Enforcing flatness beyond the coalescent horizon

harrispopgen / mushi

[mu]tation [s]pectrum [h]istory [i]nference

https://harrispopgen.github.io/mushi/

MIT License

24 stars 5 forks source link

Enforcing flatness beyond the coalescent horizon #8

Closed wsdewitt closed 5 years ago

wsdewitt commented 5 years ago

We should heavily penalize the derivative as we approach the coalescent horizon. Here's the expected time to the most recent common ancestor of a sample of n haplotypes, assuming a constant population size eta_0. It's just a sum of the expected intercoalescent times. The coalescent has a lot of variance so we'd want to go out a few sigma beyond the expected T_MRCA. That's also straightforward: the variance is just the sum of the variances of the exponential intercoalescent times.

wsdewitt commented 5 years ago

Although it would be more correct to compute this inhomogeneously by integrating eta(t) for each interval, it might be sufficient to just use the best fit constant population size.

kamdh commented 5 years ago

I like your notebook, but how is it that you compute the horizon zone? What is $T_\sigma$?

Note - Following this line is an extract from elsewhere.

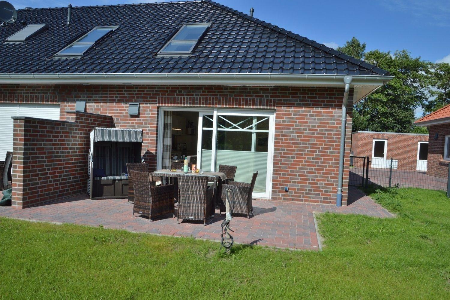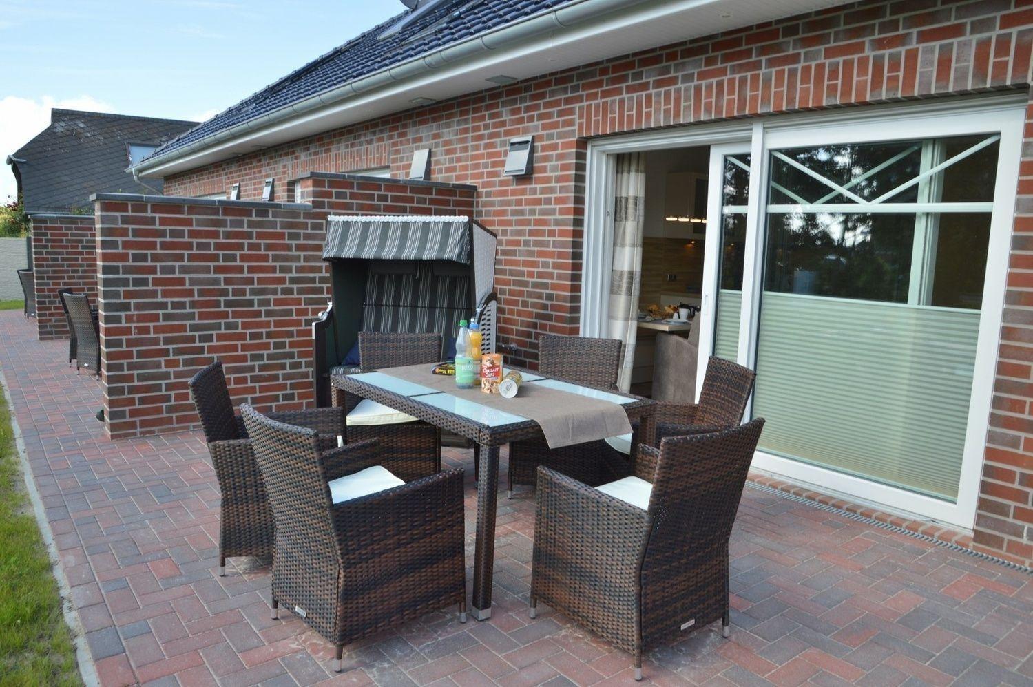 Auf der Terrasse warten bereits gemütliche Rattangartenmöbel, ein Strandkorb, ein Holzkohlegrill und ein Sonnenschirm auf Sie.

kamdh commented 5 years ago

Also, you can probably just do asymptotics and assume n >> 1, and work with the leading order terms

wsdewitt commented 5 years ago

Definitely should get another look, but the idea is that the intercoalescent times are independent exponential rvs, so both the expectations and variances are additive over the interval expectations and variances. Then T_sigma is just sqrt of the var. It would be more correct to compute quantiles, but I'm just doing +/- 2sigma

wsdewitt commented 5 years ago

Also I should have tagged the commit to this issue: b4edd7e8f4f44eeb894d6023d3e42c5f835d21ad

kamdh commented 5 years ago

I don't think the ramp should necessary stop after the horizon time, it should keep increasing.

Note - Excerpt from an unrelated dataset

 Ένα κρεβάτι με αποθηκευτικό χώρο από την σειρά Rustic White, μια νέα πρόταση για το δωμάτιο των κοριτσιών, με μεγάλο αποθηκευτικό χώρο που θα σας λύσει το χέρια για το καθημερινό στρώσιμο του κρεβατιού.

kamdh commented 5 years ago

Btw, T_expectation is 1.3e4 and 2*T_sigma is 1.4e4

wsdewitt commented 5 years ago

^^ why? ^Yeah so it's left bounded at t=0 in that case

kamdh commented 5 years ago

Before the horizon, we have some hope of seeing changes in eta(t), so we can smooth some but not too much. Near the horizon, we want to increase the smoothing, and this should keep increasing so that the function becomes increasingly smoother as time goes on. Really, we want to ensure that it's constant in the end. So my weights for this would be something constant plus a ramp that starts before the horizon and increases forever. Maybe a nonlinear ramp.

kamdh commented 5 years ago

The other thing to figure out is why we cannot just parametrize the max time as something close to the horizon and then solve a smaller problem. Something about how we have formulated the problem gives us those weird jumps.

wsdewitt commented 5 years ago

^^My intuition is that everything substantially beyond the horizon should be substantially but equally penalized, the idea being that all of that region is equivalent terra incognita for our SFS. It doesn't have to keep getting smoother once we're decidedly in that zone.

kamdh commented 5 years ago

Really, if we want it to be totally flat, it should be infinitely weighted so that the diffs cannot be nonzero.

wsdewitt commented 5 years ago

Um, how's that different from truncating our time grid and using infinite=True as currently implemented?

wsdewitt commented 5 years ago

Commit 0acc3e91 implements the penalty ramp as a linear function of the CDF of the TMRCA under the best fitting constant population size. The CDF is given in Wakeley, eqn 3.39, implemented in dement.py with DemEnt.tmrca_cdf(). The minimum and maximum penalties (lambda_diff_min and lambda_diff_max) are parameters to the inversion function DemEnt.invert().

The penalty ramp is visualized in the inversion plot (blue curve/axis below), which also gives a nice indication of where the (approximate) coalescent horizon is wrt our demography. Here's a demonstration using an exponential growth demography (note log axes).

A possible revision could be to use the inferred demography to compute the CDF, instead of the MLE constant demography. This will require an inhomogeneous analog to Wakeley's eqn 3.39.